Un livre intense, fourmillant de détails. Sous un titre imprévisible, «L’extravagance», Salah Stétié publie ses Mémoires aux éditions Robert Laffont (640 pages). Un pavé qui se dévore tel un roman palpitant pour tracer une vie, mais aussi l’histoire houleuse du Moyen-Orient.
Edgar DAVIDIAN | OLJ18/11/2014
«Un écrivain confie sa vie à son œuvre.» Ainsi s’exprime l’auteur des Porteurs de feu dès la première phrase de sa longue et monumentale narration. Dans un style d’une très haute tenue, Salah Stétié, qui possède à son actif plus de 90 opus entre essais, poésies, traductions et romans, ne pouvait mieux dire. Tout son monde, intérieur et extérieur, est minutieusement passé au tamis de l’analyse et livré (confié pour reprendre ses propres termes) aux pages des livres. Et cela depuis des lustres, ou plus exactement depuis 1972.
Pour en revenir aux sources nourricières et inspiratrices, voici ici une remontée aux origines, c’est-à-dire à la prime enfance, aux alentours de 1928, où l’auteur de L’eau froide gardée voit le jour. Sa voix, sa plume d’écrivain, de poète, de spectateur et d’homme d’action privilégié le guident dans cette ample introspection, cette immersion au cœur de son identité, cette quête pour tenter d’expliquer – du moins partiellement – l’inextricable écheveau des rapports des hommes.
Introspection de soi et de l’univers qui l’environne, de Beyrouth à Paris, pour un étourdissant périple semé de surprises et de rencontres. Surprises et rencontres certes toujours enrichissantes, toujours pétries de leçons à tirer, mais aussi où le cœur a des déconvenues, où les espoirs tombent comme des murs et où les déceptions sont insondables devant les absurdités des guerres, des tragédies innommables et des luttes fratricides.
C’est avec une gourmande curiosité et à travers multiples casquettes qu’avance ce récit haut comme des vagues démontées, avec pourtant la cadence maîtrisée d’une musique profonde, insidieuse, incantatoire. C’est en écrivain, poète, amateur d’art, traducteur et diplomate que la plume de Salah Stétié scanne, avec un regard sans ménagement ni complaisance, ce retour en arrière de deux mondes, deux rives, deux cultures, deux civilisations. Et qu’il aime aussi passionnément l’un que l’autre.

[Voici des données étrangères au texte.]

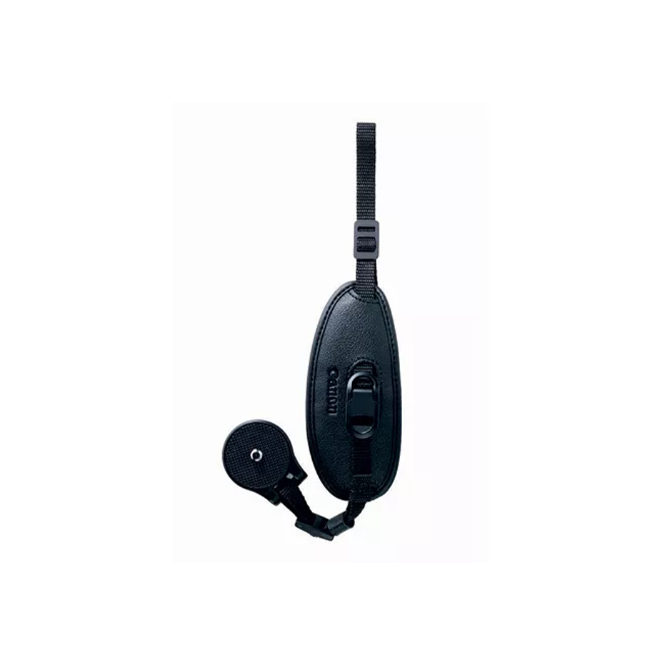 A alça de mão Canon E2 foi projetada para oferecer suporte e conforto ao segurar uma câmera SLR Canon com a mão. A alça se prende aos ilhós nas laterais da câmera.
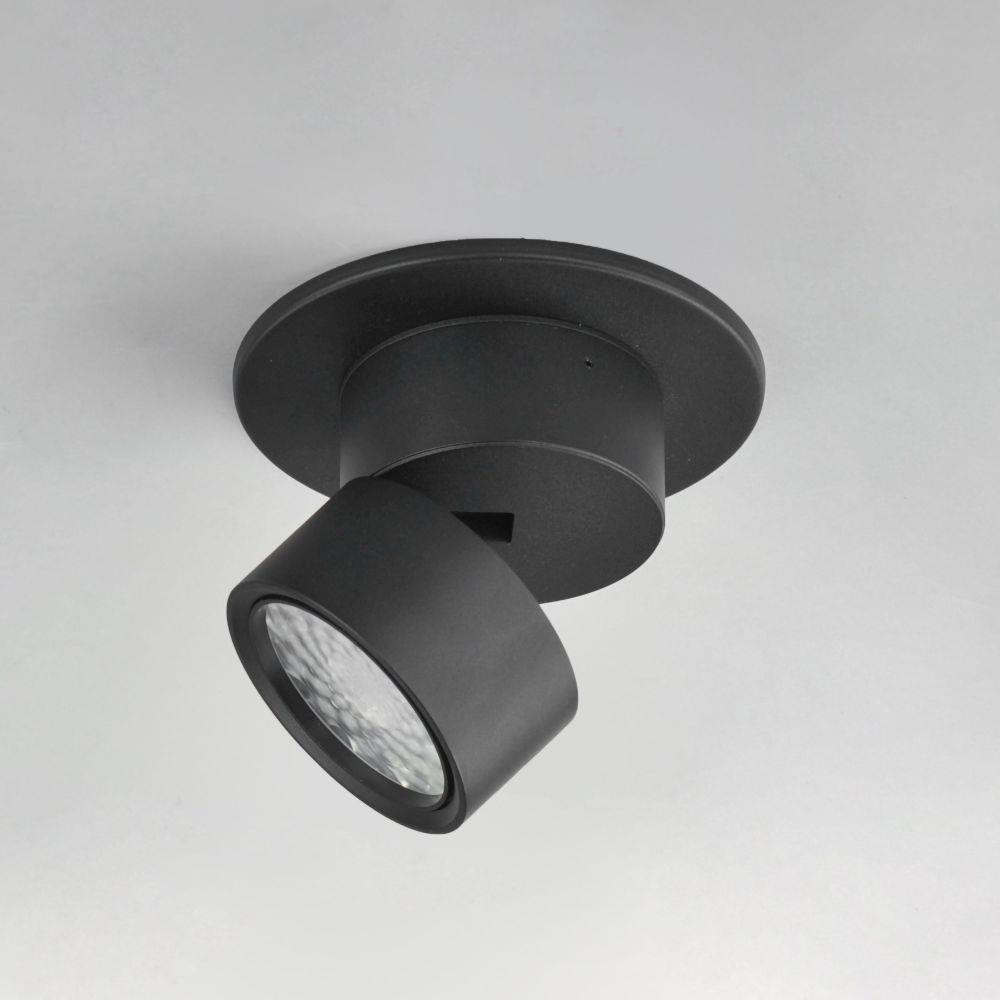 Inconspicuously recessed within its cylindrical house, an extending arm transforms this surface mounted light fixture into an adjustable spotlight. Simply unthread the top half along the seam to extend the frame length and swing the fixture into position. Twist the lens on the face of this fixture to adjust its beam angle spread. Available in Black and White and two apertures that include a mud-in ring for an even cleaner installation.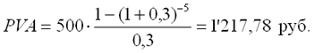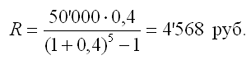 Пример. Для покупки автомобиля через 5 лет потребуется 50 тыс. руб. Определите размер ежегодных взносов, вносимых в конце каждого года в банк, который начисляет проценты по ставке 40%.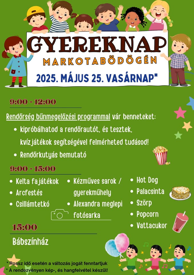 Május 25-én, szombaton szeretettel várnak minden gyermeket és családot Markotabödögére egy felejthetetlen gyereknapi programra! A jó hangulat, izgalmas bemutatók és vidám játékok garantáltak – ne maradj le róla!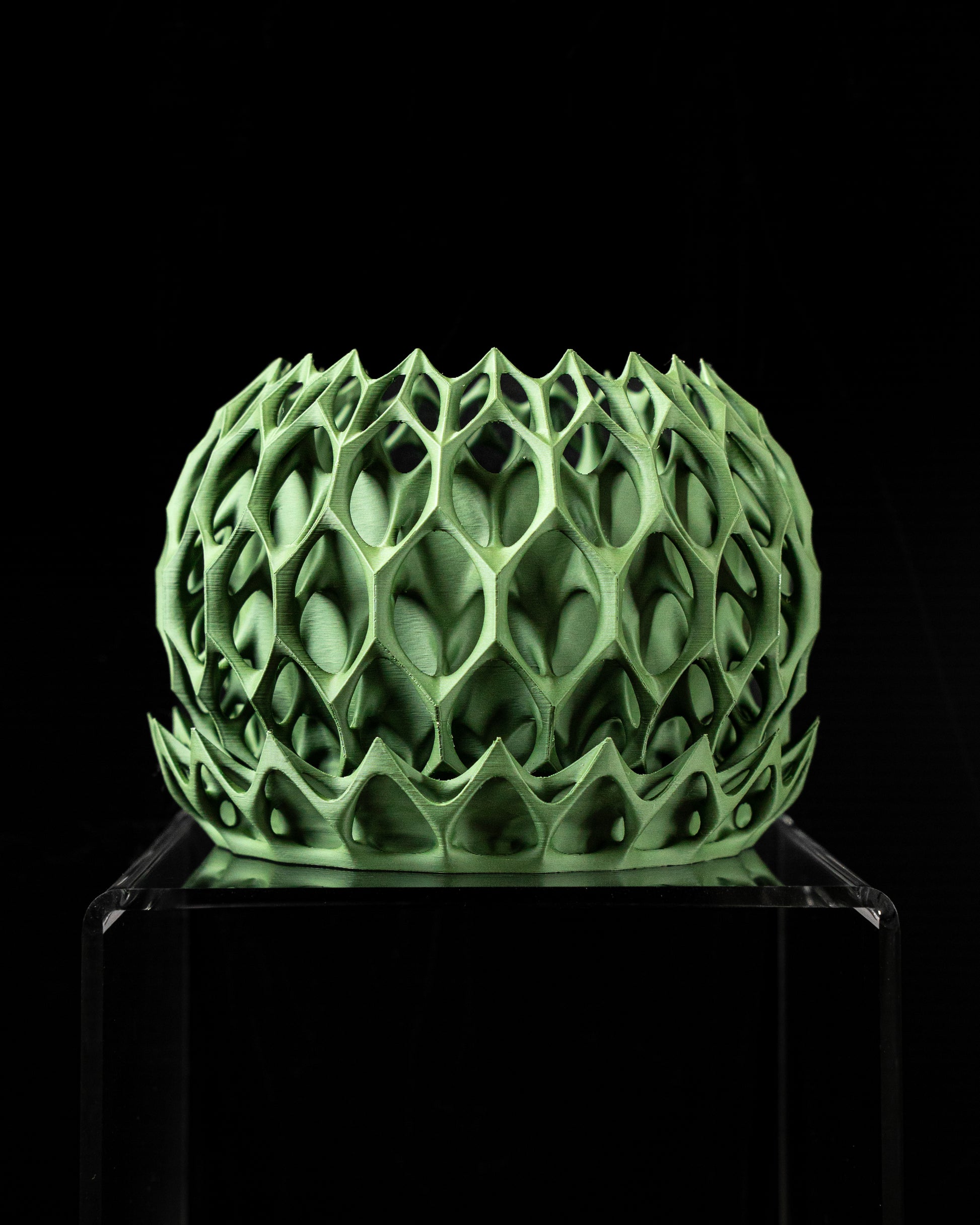 Its geometric form and matte finish make it as much an object as a vessel, designed to sit comfortably on desks, shelves, and sideboards.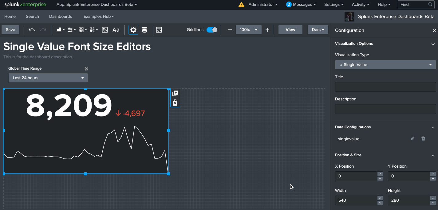 Continuing with the new UI theme, the Splunk Dashboards app (beta) v0.8 also comes with UI editors for single value major and delta font sizes. You can now customize the font sizes and immediately see the visualization update, rather than going back and forth between the UI editor and source code editor.

L’extravagance? Elle est où l’extravagance pour cette œuvre (qui devait s’appeler initialement, d’après les aveux de l’auteur, Errant sous l’impensable, une citation de Holderlin) au souffle titanesque? Partout dans ce décor de théâtre improbable qui s’étend des terres de l’Orient jusqu’à celles de l’Occident. Dans ce monde baroque et fou, avec ses personnages marquants, anonymes ou insignifiants, ses brasiers jamais éteints, ses créations littéraires diverses, aux sensibilités si proches tout en étant parfois si antinomiques, la littérature reste un fanion qui flotte au vent.
Un demi-siècle d’histoire littéraire est traversé tel le vol d’un épervier qui hante des espaces où l’ombre et la lumière se disputent en toute insolente férocité chaque carré. Une prose somptueuse pour ces Mémoires d’une vertigineuse érudition. Avec une galerie de portraits attachants, et l’on s’arrête sur les noms de
Georges Schéhadé, Adonis, Pierre Jean-Jouve, Édouard Glissant, Yves Bonnefoy, André Du Bouchet, René Char, sans oublier la part léonine réservée à Charles de Gaulle. Et la liste est loin d’être exhaustive.
Avec aussi une kyrielle d’autres actants de la comédie humaine, hommes et femmes de l’ombre, mais qui ont tous leurs mots à dire, leur action à apporter à la fraternité humaine, leur témoignage à jeter sur le parchemin des parcours des vivants. Pour un commun questionnement à tous les mortels.
À travers les pages touffues de L’extravagance, qui tient constamment le lecteur en éveil, malgré une profusion de détails, c’est cette soif de connaître et du bien agir que tente de communiquer Salah Stétié, lui l’humaniste, l’infatigable voyageur. Des frontières et des livres.